About this exercise: Repeat the listing below verbatim, without its images.

(Data begins)

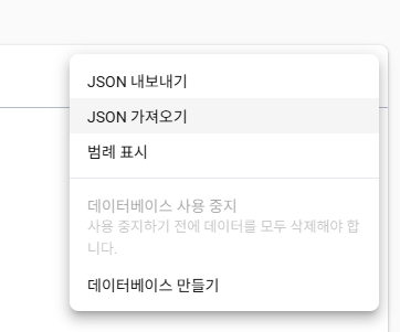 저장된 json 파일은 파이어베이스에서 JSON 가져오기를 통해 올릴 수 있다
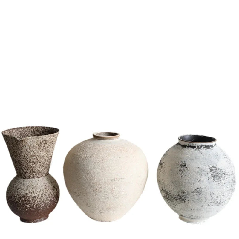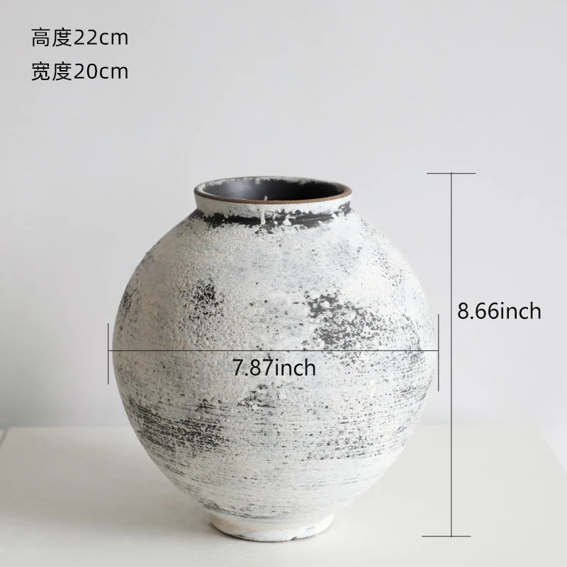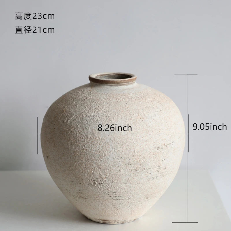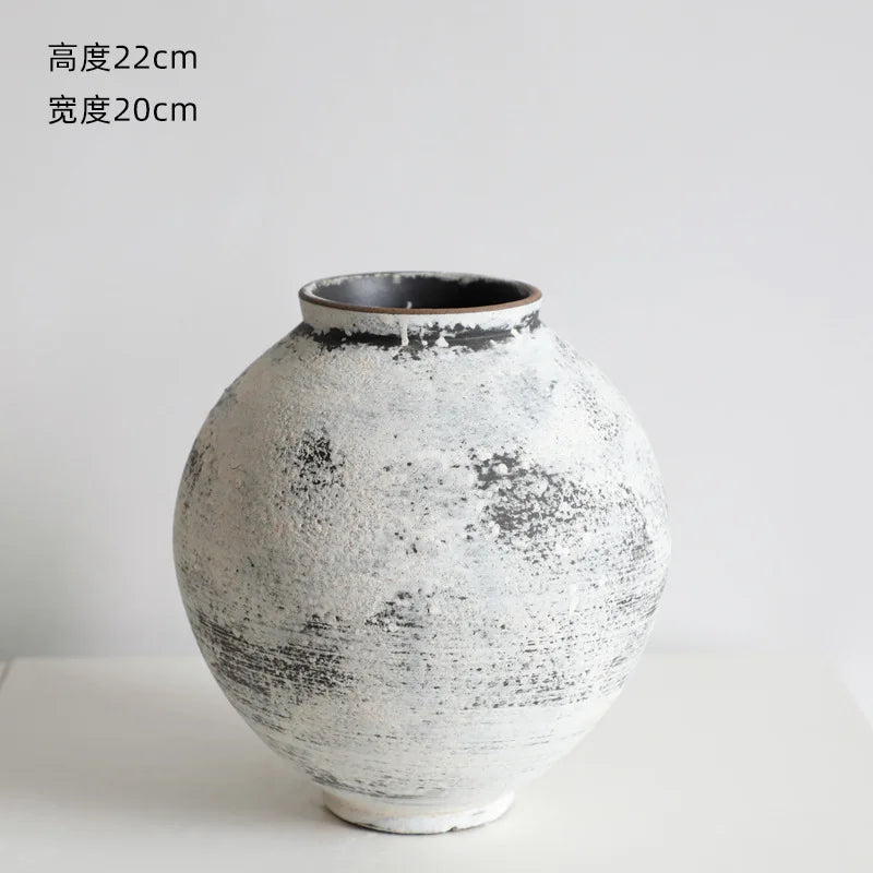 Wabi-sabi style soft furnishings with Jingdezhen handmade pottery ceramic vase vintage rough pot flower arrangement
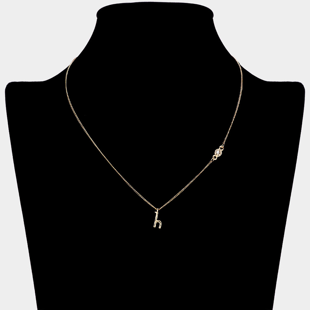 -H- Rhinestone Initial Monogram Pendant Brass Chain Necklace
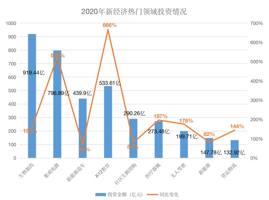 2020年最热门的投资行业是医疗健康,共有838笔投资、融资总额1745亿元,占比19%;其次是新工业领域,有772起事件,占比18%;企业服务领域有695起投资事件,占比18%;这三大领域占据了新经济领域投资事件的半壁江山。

(Data ends)

Response to this task:
 저장된 json 파일은 파이어베이스에서 JSON 가져오기를 통해 올릴 수 있다
 Wabi-sabi style soft furnishings with Jingdezhen handmade pottery ceramic vase vintage rough pot flower arrangement
 -H- Rhinestone Initial Monogram Pendant Brass Chain Necklace
 2020年最热门的投资行业是医疗健康,共有838笔投资、融资总额1745亿元,占比19%;其次是新工业领域,有772起事件,占比18%;企业服务领域有695起投资事件,占比18%;这三大领域占据了新经济领域投资事件的半壁江山。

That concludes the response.